----- The data -----

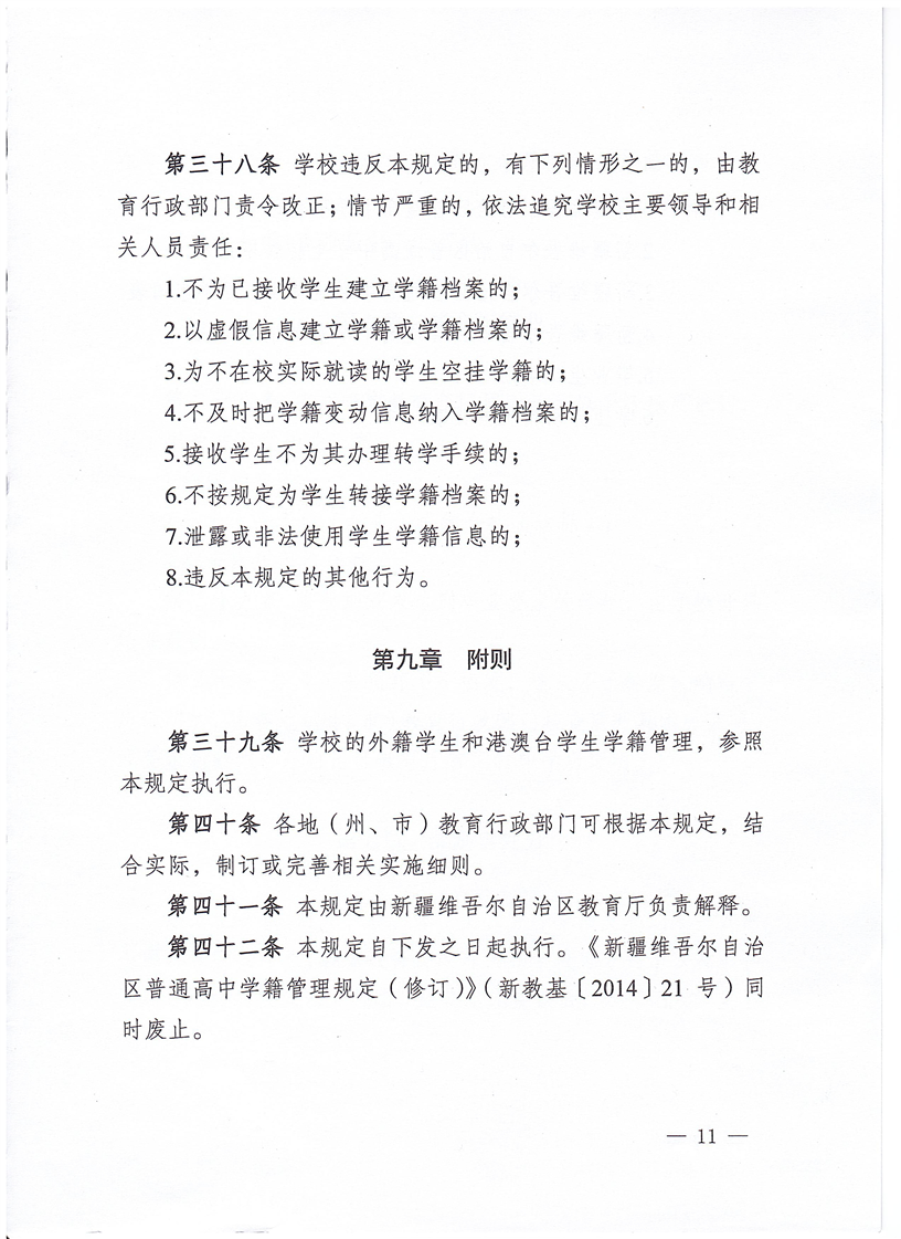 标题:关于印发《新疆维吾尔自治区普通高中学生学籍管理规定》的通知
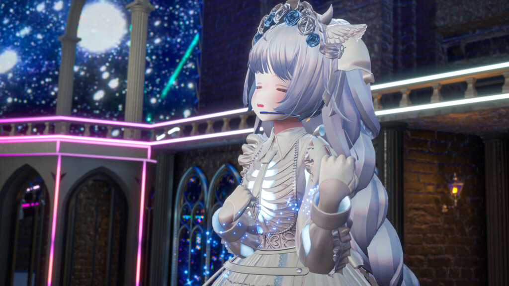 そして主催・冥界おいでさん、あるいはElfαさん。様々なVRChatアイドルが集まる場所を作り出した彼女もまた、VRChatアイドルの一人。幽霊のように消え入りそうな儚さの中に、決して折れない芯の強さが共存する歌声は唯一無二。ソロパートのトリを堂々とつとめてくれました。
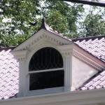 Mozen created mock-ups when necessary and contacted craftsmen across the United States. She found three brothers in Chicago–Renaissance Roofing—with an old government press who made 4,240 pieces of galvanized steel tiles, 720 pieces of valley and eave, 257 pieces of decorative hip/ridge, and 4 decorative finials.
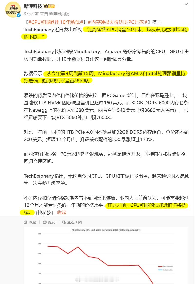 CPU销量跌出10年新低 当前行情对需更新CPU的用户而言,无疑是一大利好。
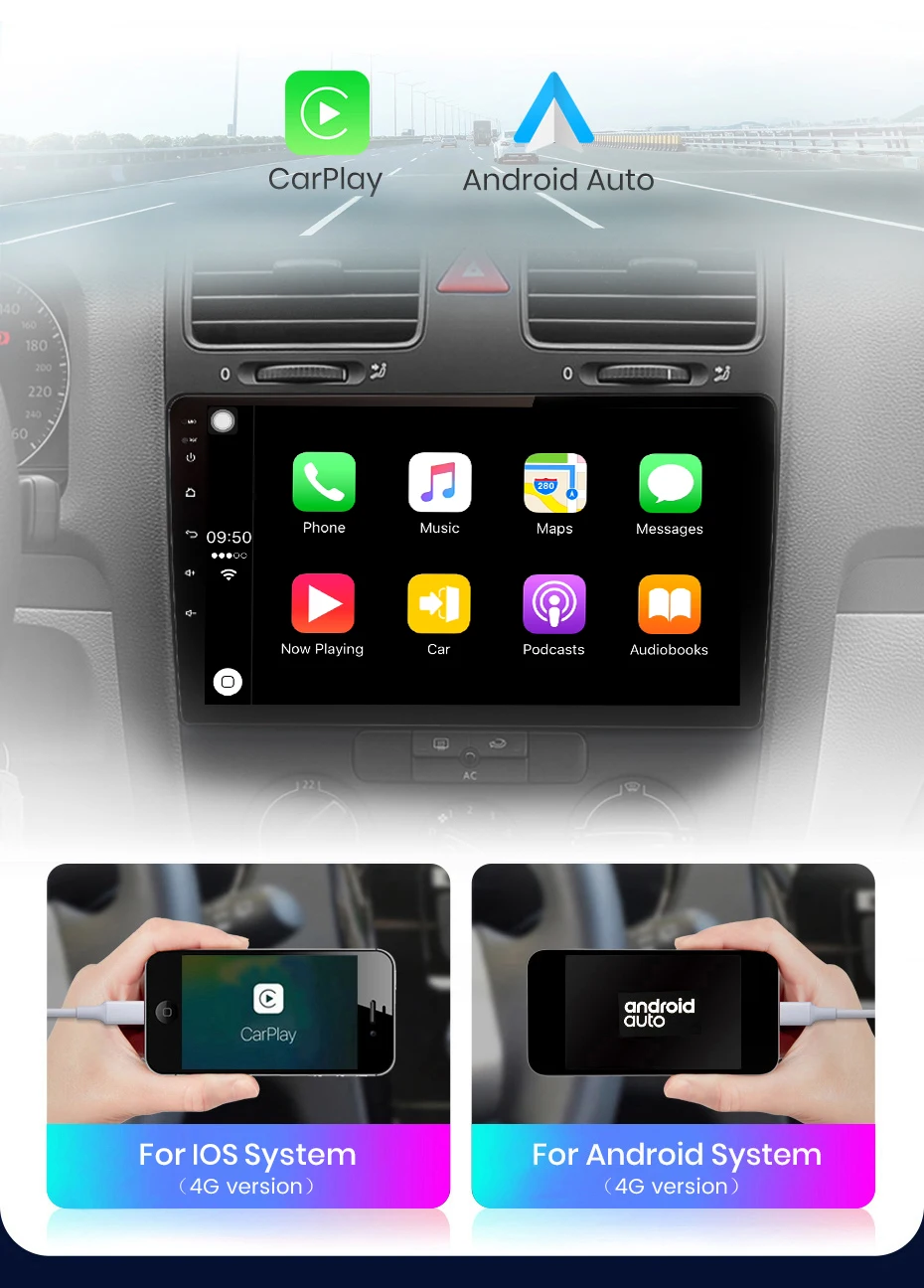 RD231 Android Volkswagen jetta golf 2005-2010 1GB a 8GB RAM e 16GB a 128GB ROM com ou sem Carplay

-----

Output only the lines that run from the line containing "CPU销量跌出10年新低 当前行情对需更新CPU的用户而言,无疑是一大利好。" to the last line of the data, exactly as they stand and without pictures.

* Written solution *
 CPU销量跌出10年新低 当前行情对需更新CPU的用户而言,无疑是一大利好。
 RD231 Android Volkswagen jetta golf 2005-2010 1GB a 8GB RAM e 16GB a 128GB ROM com ou sem Carplay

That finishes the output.